Mandatory Quoted Paths: The tool should automatically enforce quoted service paths in the Windows registry to prevent "Unquoted Service Path" exploits, where Windows might execute a malicious binary with a similar name in a parent folder. Using accesschk

Binary Hash Verification: A feature that allows administrators to register a SHA-256 hash of the legitimate application executable. NSSM would verify this hash before every launch; if the binary has been replaced (a common privilege escalation tactic), NSSM would refuse to start the service.

"Least Privilege" Mode: A toggle to ensure the service defaults to a virtual account or a low-privileged user instead of the "LocalSystem" account, which is the most frequent target for attackers looking for administrative control. Why this is needed

NSSM 2.24 is frequently cited in security advisories because third-party installers (like CouchDB or Wowza Streaming Engine) often deploy it with weak directory permissions. Because NSSM typically runs with SYSTEM privileges, any user who can replace the nssm.exe file can effectively take over the entire machine.

I can provide PowerShell scripts to manually audit your current NSSM services or help you harden the registry keys for an existing setup. Which would you prefer? CVE-2016-20033 Detail - NVD

In multi-tenant environments (VDI, Citrix, shared kiosks), a low-privilege user who finds NSSM 2.24 installed on the base image can escalate to SYSTEM and escape their session container.

Summary

Technical background (how unquoted service path LPE works)

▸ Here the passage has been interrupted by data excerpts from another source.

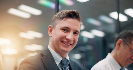 Happy, confident and portrait of businessman in office in meeting for company profit discussion. Smile, pride and male financial advisor in conversation for revenue forecasting or planning in Japan.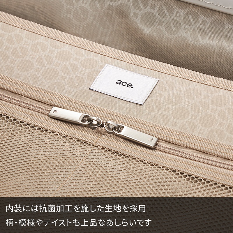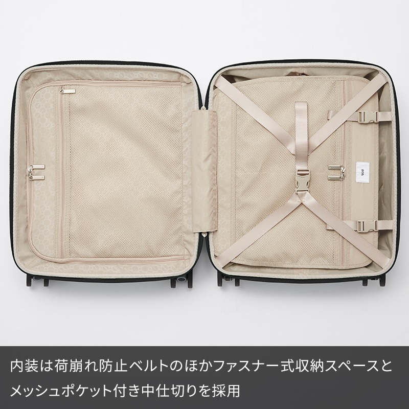 ・内装はファスナー式収納スペースとメッシュポケット付き中仕切りを採用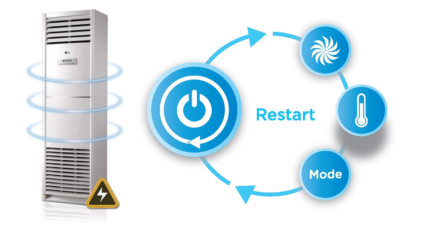 Máy lạnh tủ đứng MIDEA khi bị tắt ngoài mong muốn do sự cố điện, nguồn điện bị cắt đột ngột sẽ tự khởi động lại ngay khi được cấp nguồn trở lại đồng thời tự cài đặt lại theo đúng chức năng đã cài đặt trước đó.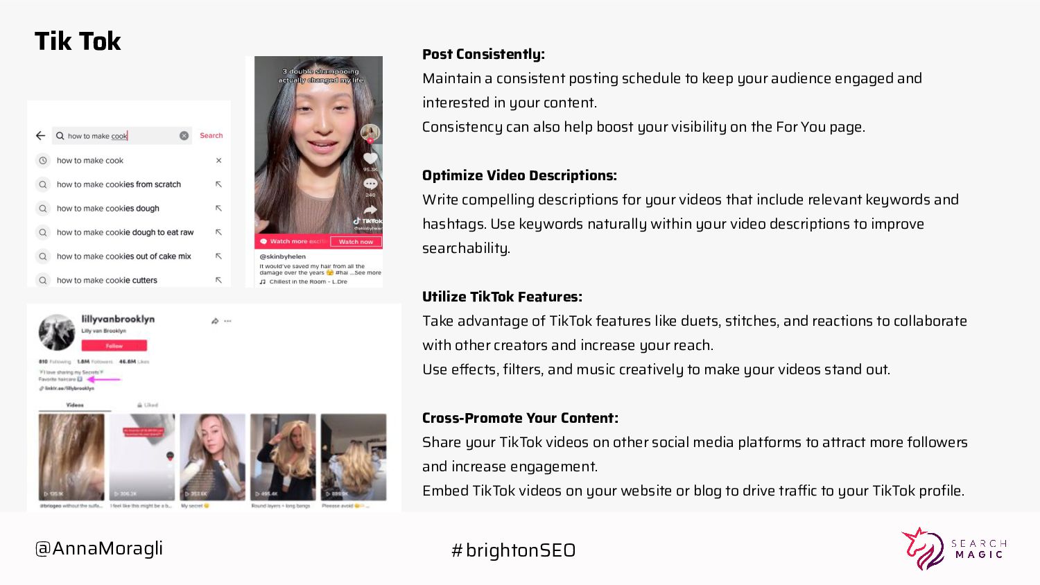 audience engaged and interested in your content. Consistency can also help boost your visibility on the For You page. Optimize Video Descriptions: Write compelling descriptions for your videos that include relevant keywords and hashtags. Use keywords naturally within your video descriptions to improve searchability. Utilize TikTok Features: Take advantage of TikTok features like duets, stitches, and reactions to collaborate with other creators and increase your reach. Use effects, filters, and music creatively to make your videos stand out. Cross-Promote Your Content: Share your TikTok videos on other social media platforms to attract more followers and increase engagement. Embed TikTok videos on your website or blog to drive traffic to your TikTok profile. Tik Tok @AnnaMoragli #brightonSEO

  • If an attacker can place an executable at one of the checked prefixes that runs earlier than the intended binary, that binary will run with service privileges (often SYSTEM).
  • NSSM is commonly shipped/used as the service binary (nssm.exe). If a service uses an unquoted ImagePath that references nssm in a folder path with spaces, and a writable prefix exists, NSSM deployments become exploitable.

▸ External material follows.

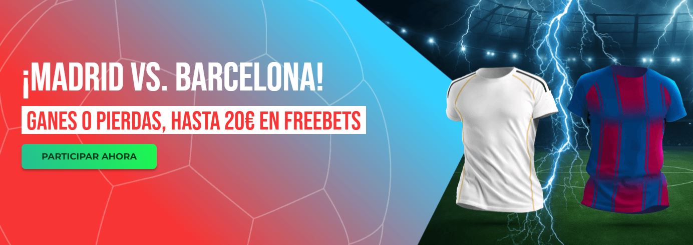 A continuación, realiza una apuesta mínima de 20€ al partido Real Madrid vs Barcelona, con cuota igual o superior a 2.0, ya sea simple o usando la función «Crea tu Apuesta».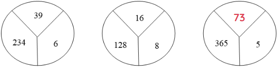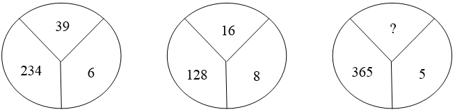Câu 8. Tìm quan hệ các số trong một hình tròn sau rồi điền số thích hợp vào chỗ dấu chấm hỏi? (1 điểm)

    • Evidence and observed occurrences

    Exploitation conditions (what an attacker needs)

    Typical exploitation steps (conceptual)

    Limitations and real-world constraints

    Proofs-of-concept and tooling

    Mitigations and remediation

    Vendor guidance and disclosure practices

    Practical detection (quick checks)

  • Check write permissions on candidate prefixes with Test-Path and attempt to create a benign file to prove writeability (in a safe, authorized test).

    • Responsible testing and legal/ethical notes

    References and further reading

    If you want, I can:

    In a locked-down environment, the user cannot start the service themselves. However, an attacker can simply wait for the server to reboot (or trigger a crash/reboot via another vector), at which point the service starts automatically.